Could two condition_variable.wait_for used with a single lock?

Question

If codes like

std::mutex mut;
std::condition_variable cond;
bool is_ok = false;

void func() {
    std::unique_lock<std::mutex> lck(mut);
    if (!cond.wait_for(lck,
                        std::chrono::seconds(3),
                        [&] { return is_ok; })) {
        std::cout << "wait 1" << std::endl;
    }
    std::cout << "ok 1" << std::endl;
    if (!cond.wait_for(lck,
                        std::chrono::seconds(8),
                        [&] { return is_ok; })) {
        std::cout << "wait 2" << std::endl;
    }
    std::cout << "ok 2" << std::endl;
}

int main(){
    std::thread t(func);
    std::this_thread::sleep_for(std::chrono::seconds(1));
    {
        std::lock_guard<std::mutex> lck(mut);
        is_ok = true;
    }
    std::this_thread::sleep_for(std::chrono::seconds(10));
    if (t.joinable()){
        t.join();
    }    
}

As show https://godbolt.org/

Then what is the running sequence between thread t and main thread? Are both cond.wait_for valid?
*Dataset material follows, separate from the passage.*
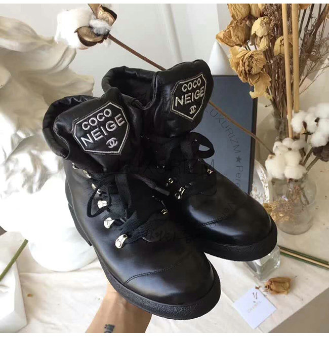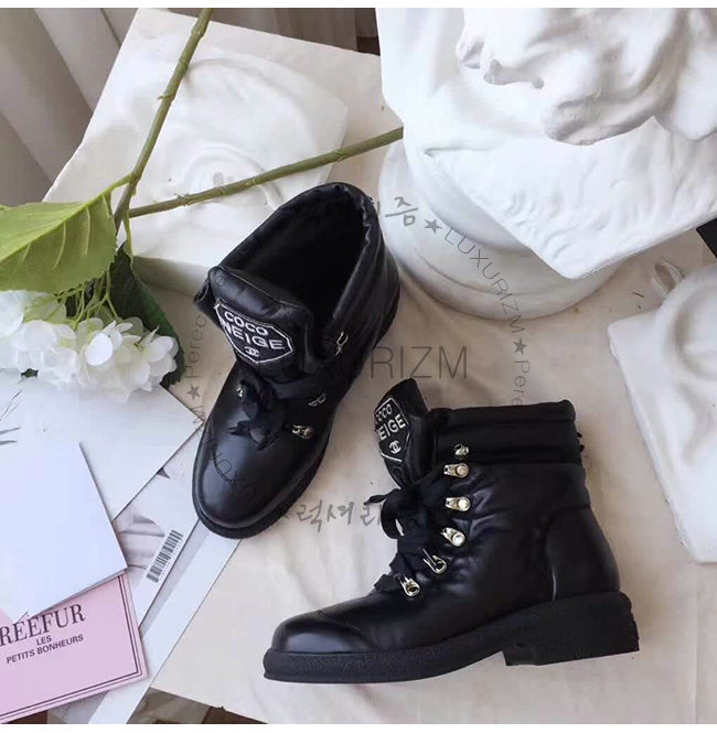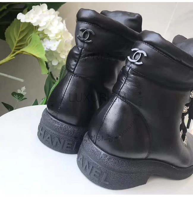 CHANEL-G34083 샤넬 블랙 램스킨 쇼트 부츠

In addition, the program ends with some error

Killed - processing time exceeded
Program terminated with signal: SIGKILL

Where does it come?

Answer 1

Yes, you can of course wait_for a condition variable multiple times in its lifetime, and you can reuse the same lock object.

But you seem to misunderstand how condition variables work, because you never signal the one you have (by calling notify_one or notify_all from the main thread). So your wait attempts just time out.

And since godbolt limits your program's execution wall time to far less than the 11 seconds you sleep for in total, your job just gets killed. You should do tests like this on your local computer.

Answer 2

Yes, how else would you wait for a change in condition in a loop?

To correct the code, reset the is_ok when the first wait in func() is done and set is_ok and notify twice (in a loop) in main() since you wait twice.